This past Saturday I sat for the GRE at one of the internet testing sites. I’ve already earned a Master’s degree, so though I have taken the GRE before, it was well before the five-year-window for which test scores are good, I had to take it again for the new Master’s program to which I am applying. Most disgustingly, the scores have no bearing on admission as this program has admission based on a portfolio and interviews with co-workers; nevertheless, the graduate school requires the test scores be on file.
So I forked out the $140 the test cost and woke up early on a Saturday to take it. I didn’t bother to review any sample questions or the online study guides my $140 had paid for. I resolved to see just how fast I could make it through the test.
I finished in less than half the time allotted. I was pumped.
And then the scores came up.
Remember – I made absolutely no preparation. The last real math class I had was in the spring of 1986 – almost twenty-two years ago.
Going into the testing room, my internal measure of success was getting out in the shortest possible time so I could go back to bed or get on with my Saturday.

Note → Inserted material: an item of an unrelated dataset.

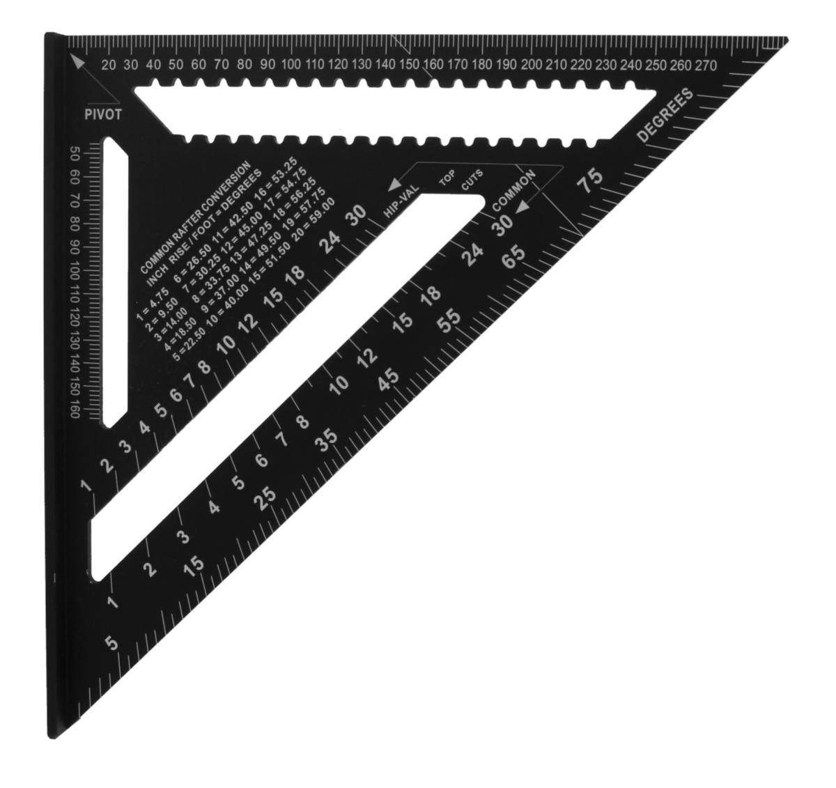 Tecos tømmervinkel (sort) – produsert i aluminium med mm-skala (300 mm). Mange praktiske funksjoner som tilpassing av vinkler og vinkelmåling m.m. Til praktisk bruk ved saging med stikksag og sirkelsag.

And then the scores came up.
Kind readers, have you figured out that I have a competitive side and a bit of an ego that… well… that spills out of my head from time to time? I know that about myself and it sometimes gets the better of me.

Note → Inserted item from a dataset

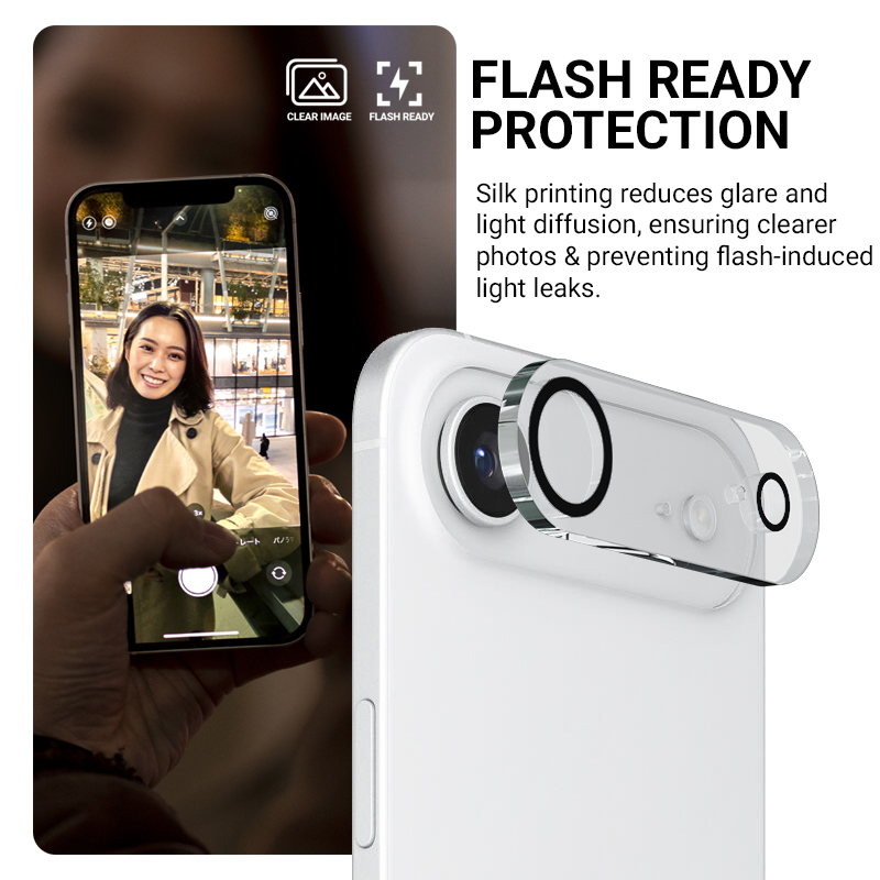 Wysokiej jakości szkło ochronne 9H na główny aparat w iPhonie Air. W przeciwieństwie do innych produktów, szkło Lens Shield™ oferuje podwyższony poziom ochrony całego aparatu głównego, a nie tylko obiektywów. Niekruszące się szkło zachowuje też jednolitą strukturę, dzięki czemu nie rani palców.

Because then the scores came up.
I had done well!
In fact, I was shocked to see that the combined score of verbal and reasoning was exactly the same as I had earned on the SAT in 1984! (Yes, I remember my SAT scores.)
The competitive side of me rose up and I have been kicking myself ever since.
The scores were good!
What if I had used the scratch paper on a few of the math problems?

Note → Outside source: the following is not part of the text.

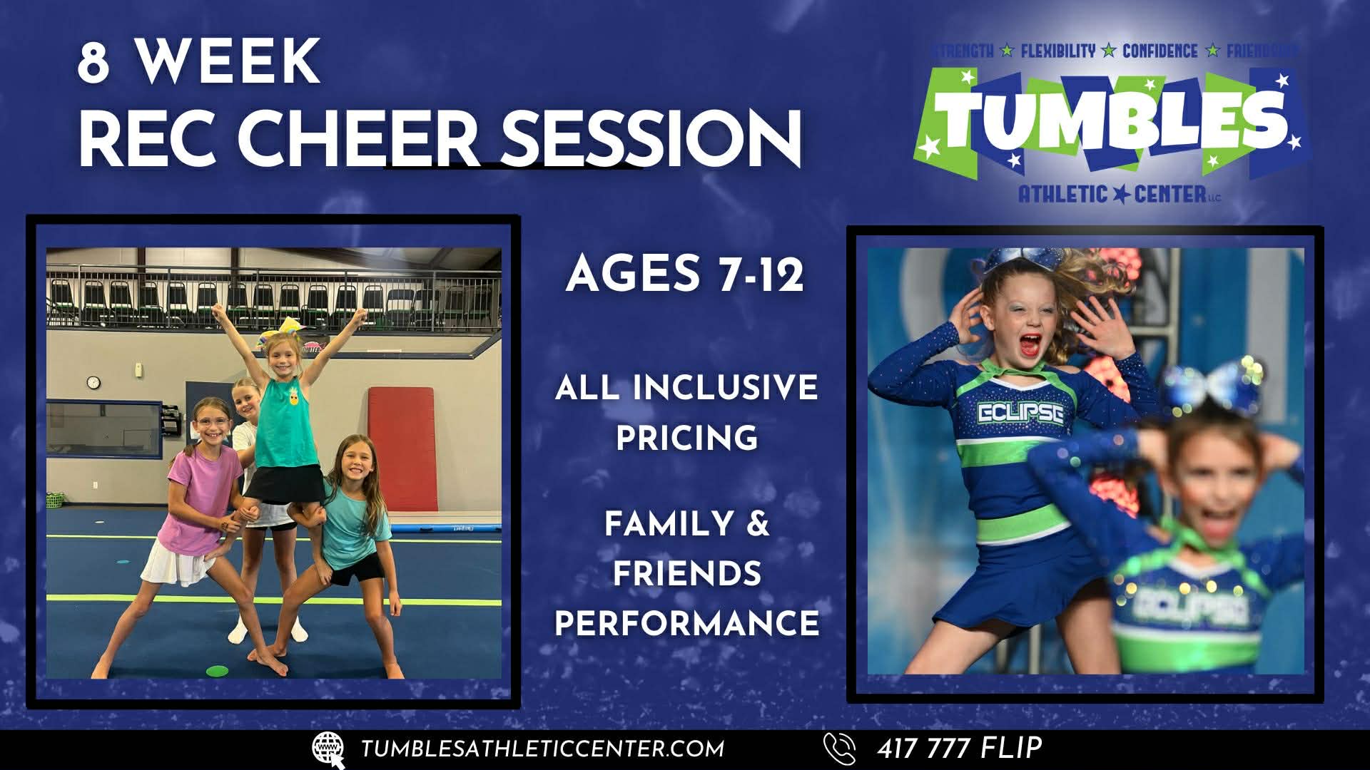 Our 8-week cheer session is the perfect introduction to cheerleading or a great way to build strong fundamentals in a fun, structured environment. Athletes will learn cheer basics while gaining confidence, strength, and coordination all in a high-energy class designed for progress, not chaos. Session includes t-shirt and a bow for the final performance! No practice the week of Spring Break. Session runs Jan. 29-March 27.

What if I had actually picked up one of the sharpened pencils they had handed me instead of doing all mental math? People who dine with me know how dangerous it is to rely on my mental math.
What if I had really read the passages instead of scanning for key words?
What if….
The scores could have been REALLY good!
I almost want to dish out another $140, prepare for the test, and take my time answering it. My competitive side keeps grabbing for the credit card, but my frugal side keeps slapping the competitive hand away.
I have nothing to gain from taking the test again but peace of mind knowing I did as well as I could. The GRE is not a measure of intelligence but a measure of academic skills; knowing I didn’t make full use of the academic skills I have gained over the years gnaws at my mind every waking moment.
The scores could have been really, really good.
Nevertheless, the scores will do for now, but I learned this about me: I will not blow off future tests for convenience.
The next scores will be incredibly good!